Memory usage remains constant during Find operations since the module processes one path at a time rather than loading entire directory structures. However, collecting results in arrays or hashes can consume significant memory for large traversals.

# Memory-efficient file processing
def process_large_directory(start_path)
  file_count = 0
  total_size = 0
  largest_file = { path: nil, size: 0 }
  
  Find.find(start_path) do |path|
    next if File.directory?(path)
    
    file_count += 1
    size = File.size(path) rescue 0
    total_size += size
    
    if size > largest_file[:size]
      largest_file = { path: path, size: size }
    end
    
    # Report progress without storing paths
    puts "Progress: #{file_count} files processed" if file_count % 10000 == 0
  end
  
  {
    file_count: file_count,
    total_size: total_size,
    largest_file: largest_file,
    average_size: total_size / file_count
  }
end

stats = process_large_directory('/home')
puts "Files: #{stats[:file_count]}"
puts "Total: #{stats[:total_size]} bytes"
puts "Average: #{stats[:average_size]} bytes per file"
puts "Largest: #{stats[:largest_file][:path]} (#{stats[:largest_file][:size]} bytes)"

Strategic use of Find.prune dramatically improves performance by avoiding unnecessary directory descents. Combine pruning with early filtering to minimize file system operations.

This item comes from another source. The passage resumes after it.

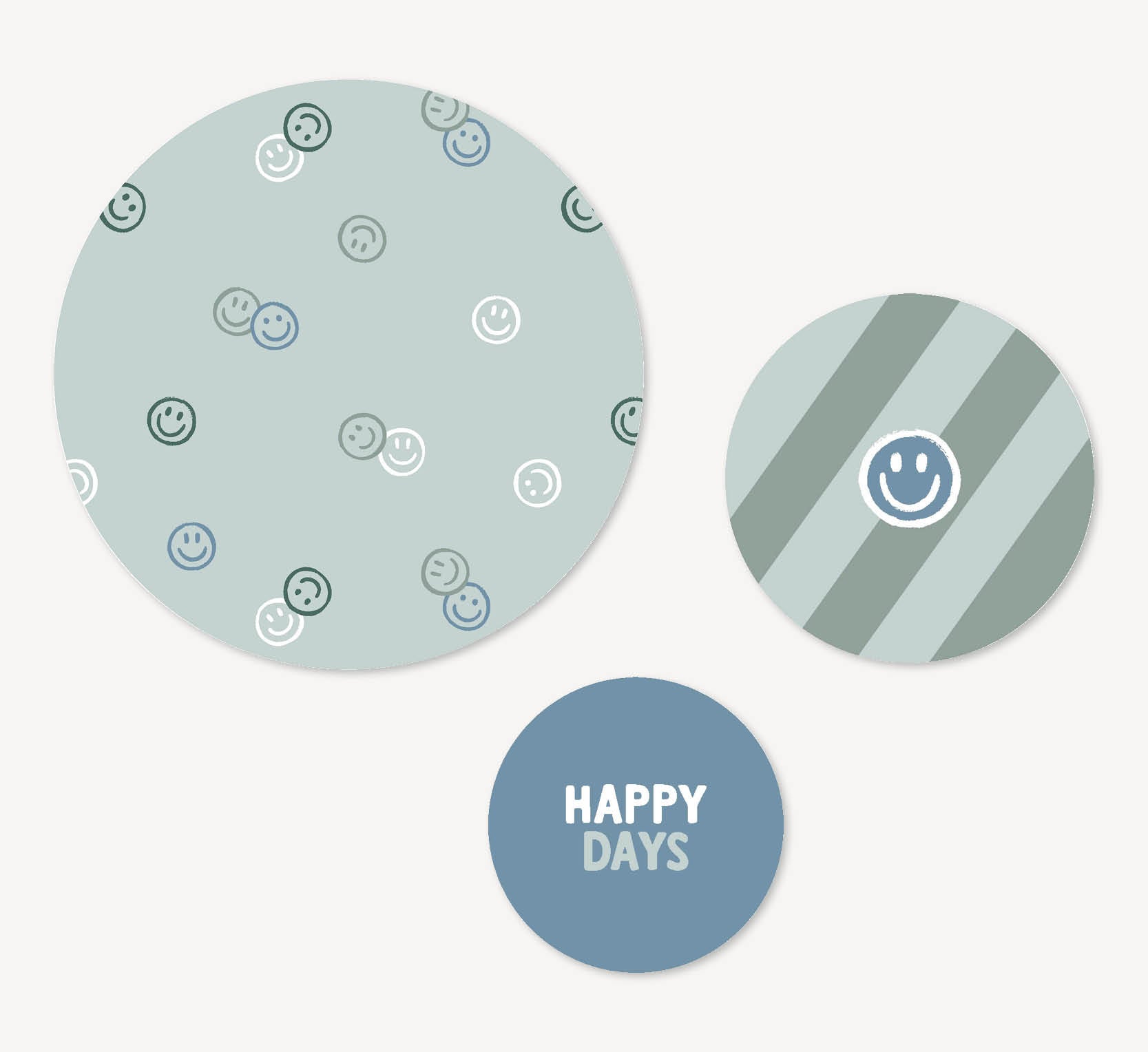 De afmetingen van de muurcirkels smiley zijn: 40 cm, 25 cm en 20 cm.

# Optimized traversal with strategic pruning
class OptimizedFinder
  SKIP_DIRECTORIES = %w[.git node_modules .svn .hg __pycache__ .DS_Store].freeze
  SKIP_PATTERNS = [/\.tmp$/, /\.cache$/, /\.backup$/].freeze
  
  def find_source_files(start_paths)
    source_files = []
    
    Find.find(*start_paths) do |path|
      basename = File.basename(path)
      
      # Skip known unproductive directories
      if File.directory?(path) && SKIP_DIRECTORIES.include?(basename)
        Find.prune
        next
      end
      
      # Skip files matching problematic patterns
      if SKIP_PATTERNS.any? { |pattern| path.match?(pattern) }
        next
      end
      
      # Collect source files
      if File.file?(path) && path.match?(/\.(rb|py|js|cpp|h)$/)
        source_files << {
          path: path,
          size: File.size(path),
          modified: File.mtime(path)
        }
      end
    end
    
    source_files
  end
end

finder = OptimizedFinder.new
files = finder.find_source_files(['/project/src', '/project/lib'])
puts "Found #{files.size} source files"

Production Patterns

Production applications often require robust file discovery with logging, monitoring, and error recovery. Find module operations should integrate with application logging systems and provide operational visibility.

require 'find'
require 'logger'
require 'json'

class ProductionFileFinder
  def initialize(logger: Logger.new(STDOUT))
    @logger = logger
    @stats = {
      files_processed: 0,
      directories_processed: 0,
      errors: 0,
      start_time: nil,
      end_time: nil
    }
  end
  
  def find_and_process(paths, &processor)
    @stats[:start_time] = Time.now
    @logger.info("Starting file discovery", paths: paths)
    
    begin
      Find.find(*paths) do |path|
        process_path(path, &processor)
      end
    rescue => e
      @logger.error("Fatal error during traversal", error: e.message)
      raise
    ensure
      @stats[:end_time] = Time.now
      log_completion_stats
    end
    
    @stats
  end
  
  private
  
  def process_path(path, &processor)
    begin
      if File.directory?(path)
        handle_directory(path)
      else
        handle_file(path, &processor)
      end
    rescue => e
      @stats[:errors] += 1
      @logger.warn("Error processing path", path: path, error: e.message)
    end
  end
  
  def handle_directory(path)
    @stats[:directories_processed] += 1
    
    # Skip problematic directories in production
    basename = File.basename(path)
    if basename.start_with?('.') && basename != '.'
      @logger.debug("Skipping hidden directory", path: path)
      Find.prune
    end
  end
  
  def handle_file(path, &processor)
    @stats[:files_processed] += 1
    
    # Log progress periodically
    if @stats[:files_processed] % 5000 == 0
      @logger.info("Processing progress", files: @stats[:files_processed])
    end
    
    # Execute custom processing
    processor&.call(path)
  end
  
  def log_completion_stats
    duration = @stats[:end_time] - @stats[:start_time]
    
    @logger.info("File discovery completed", 
                 duration: duration,
                 files_processed: @stats[:files_processed],
                 directories_processed: @stats[:directories_processed],
                 errors: @stats[:errors],
                 files_per_second: (@stats[:files_processed] / duration).round(2))
  end
end

# Production usage with monitoring
logger = Logger.new('/var/log/file_processor.log')
finder = ProductionFileFinder.new(logger: logger)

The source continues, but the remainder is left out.